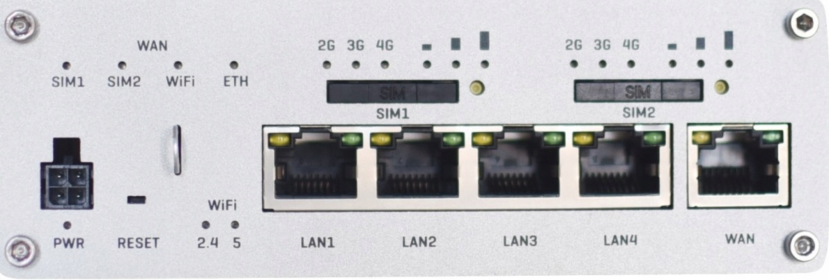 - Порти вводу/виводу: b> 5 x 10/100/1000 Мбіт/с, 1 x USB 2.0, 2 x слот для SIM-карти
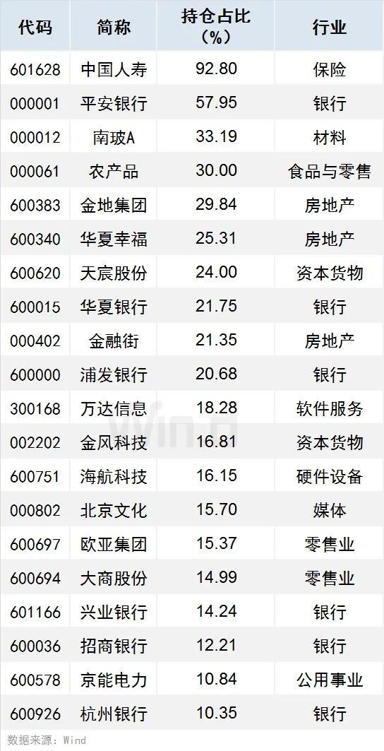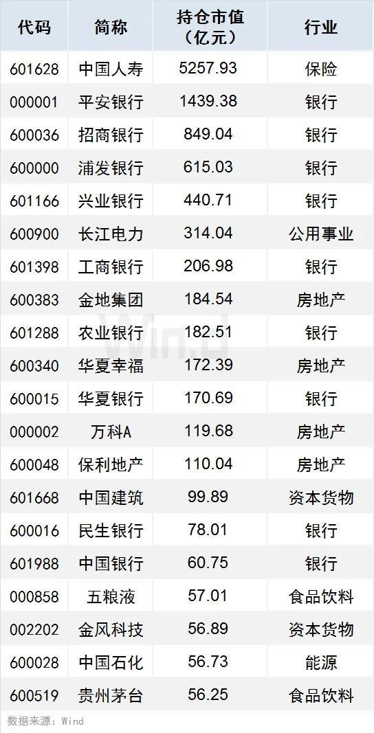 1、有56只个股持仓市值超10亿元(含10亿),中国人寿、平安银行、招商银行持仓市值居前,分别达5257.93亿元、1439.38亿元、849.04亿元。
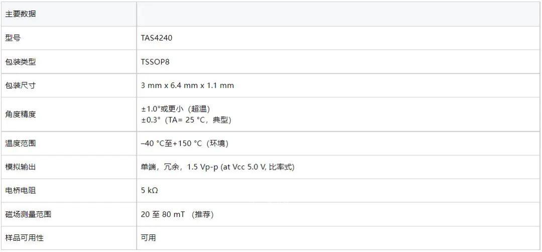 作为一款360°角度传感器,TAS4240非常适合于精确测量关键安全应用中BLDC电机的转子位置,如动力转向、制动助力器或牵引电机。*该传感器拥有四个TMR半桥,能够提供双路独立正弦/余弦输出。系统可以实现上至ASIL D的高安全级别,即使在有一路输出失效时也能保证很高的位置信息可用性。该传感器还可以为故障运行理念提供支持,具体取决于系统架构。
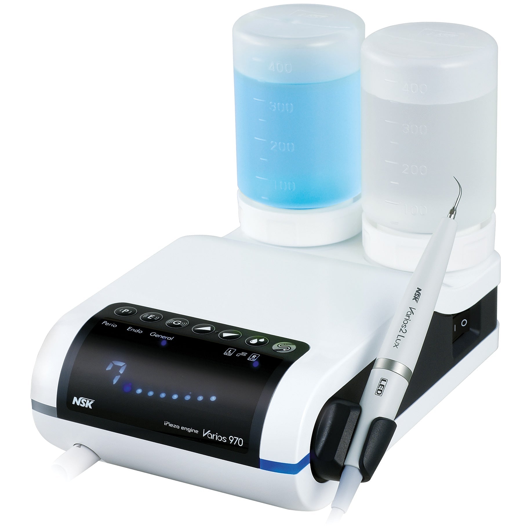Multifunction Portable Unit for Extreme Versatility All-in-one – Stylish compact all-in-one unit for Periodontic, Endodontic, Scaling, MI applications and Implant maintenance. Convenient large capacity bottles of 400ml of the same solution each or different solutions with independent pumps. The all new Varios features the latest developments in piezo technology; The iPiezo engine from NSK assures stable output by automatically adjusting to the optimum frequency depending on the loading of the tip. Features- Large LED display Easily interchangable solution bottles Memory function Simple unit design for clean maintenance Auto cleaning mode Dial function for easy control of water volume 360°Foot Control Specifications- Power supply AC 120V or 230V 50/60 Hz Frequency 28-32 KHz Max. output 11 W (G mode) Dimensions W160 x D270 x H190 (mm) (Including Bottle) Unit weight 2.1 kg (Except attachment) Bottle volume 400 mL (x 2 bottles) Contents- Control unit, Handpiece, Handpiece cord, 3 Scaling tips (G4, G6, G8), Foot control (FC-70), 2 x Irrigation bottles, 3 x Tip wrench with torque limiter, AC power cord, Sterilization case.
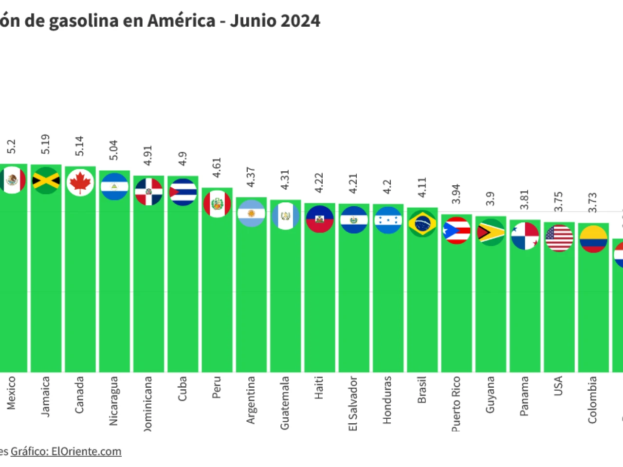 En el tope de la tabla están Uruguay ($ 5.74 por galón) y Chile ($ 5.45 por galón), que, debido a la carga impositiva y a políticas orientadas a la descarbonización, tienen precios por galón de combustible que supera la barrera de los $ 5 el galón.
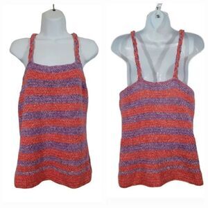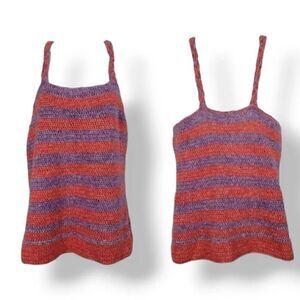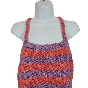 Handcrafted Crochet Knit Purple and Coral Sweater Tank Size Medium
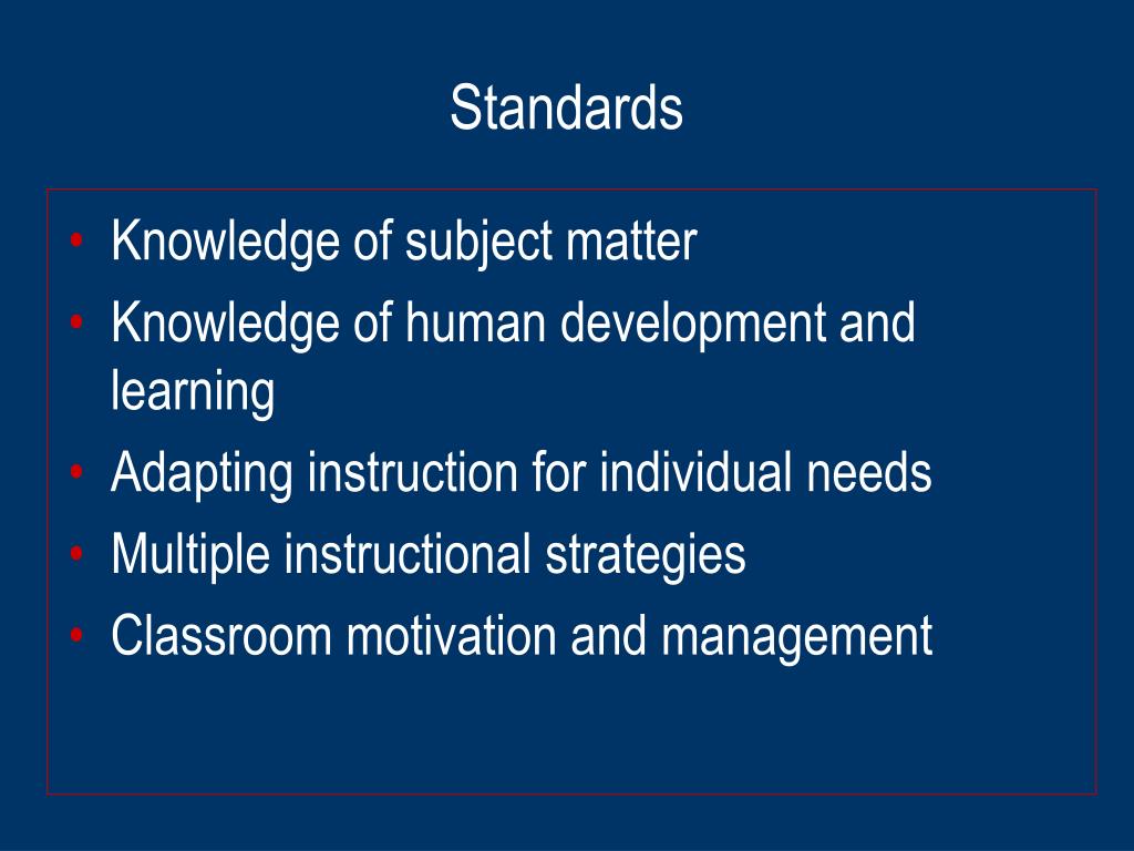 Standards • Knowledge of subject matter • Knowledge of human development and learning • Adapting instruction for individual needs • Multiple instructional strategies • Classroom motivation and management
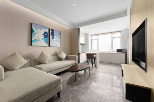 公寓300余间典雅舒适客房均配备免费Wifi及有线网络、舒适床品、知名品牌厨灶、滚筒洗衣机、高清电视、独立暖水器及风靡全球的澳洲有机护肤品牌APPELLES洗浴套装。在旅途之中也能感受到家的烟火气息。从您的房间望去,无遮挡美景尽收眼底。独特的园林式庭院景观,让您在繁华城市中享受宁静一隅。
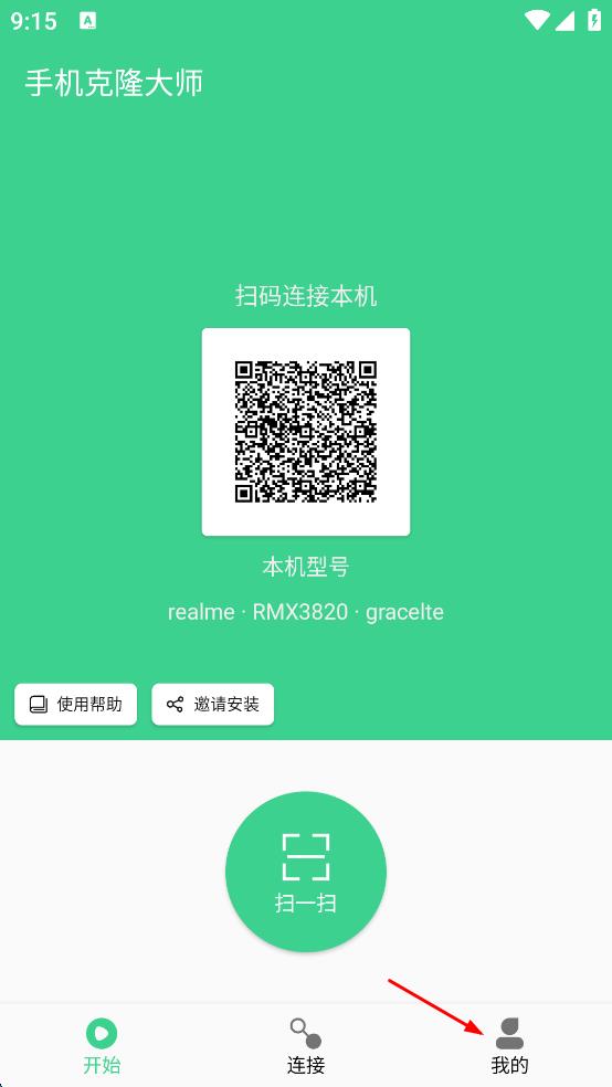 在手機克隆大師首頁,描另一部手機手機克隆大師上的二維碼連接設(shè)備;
....
EXERCISE – Exactly reproduce the lines that run from the first line of the listing above to the line containing "Multifunction Portable Unit", including both; omit the pictures.

RESULT OF THIS EXERCISE –
 - Порти вводу/виводу: b> 5 x 10/100/1000 Мбіт/с, 1 x USB 2.0, 2 x слот для SIM-карти
 1、有56只个股持仓市值超10亿元(含10亿),中国人寿、平安银行、招商银行持仓市值居前,分别达5257.93亿元、1439.38亿元、849.04亿元。
 作为一款360°角度传感器,TAS4240非常适合于精确测量关键安全应用中BLDC电机的转子位置,如动力转向、制动助力器或牵引电机。*该传感器拥有四个TMR半桥,能够提供双路独立正弦/余弦输出。系统可以实现上至ASIL D的高安全级别,即使在有一路输出失效时也能保证很高的位置信息可用性。该传感器还可以为故障运行理念提供支持,具体取决于系统架构。
Multifunction Portable Unit for Extreme Versatility All-in-one – Stylish compact all-in-one unit for Periodontic, Endodontic, Scaling, MI applications and Implant maintenance. Convenient large capacity bottles of 400ml of the same solution each or different solutions with independent pumps. The all new Varios features the latest developments in piezo technology; The iPiezo engine from NSK assures stable output by automatically adjusting to the optimum frequency depending on the loading of the tip. Features- Large LED display Easily interchangable solution bottles Memory function Simple unit design for clean maintenance Auto cleaning mode Dial function for easy control of water volume 360°Foot Control Specifications- Power supply AC 120V or 230V 50/60 Hz Frequency 28-32 KHz Max. output 11 W (G mode) Dimensions W160 x D270 x H190 (mm) (Including Bottle) Unit weight 2.1 kg (Except attachment) Bottle volume 400 mL (x 2 bottles) Contents- Control unit, Handpiece, Handpiece cord, 3 Scaling tips (G4, G6, G8), Foot control (FC-70), 2 x Irrigation bottles, 3 x Tip wrench with torque limiter, AC power cord, Sterilization case.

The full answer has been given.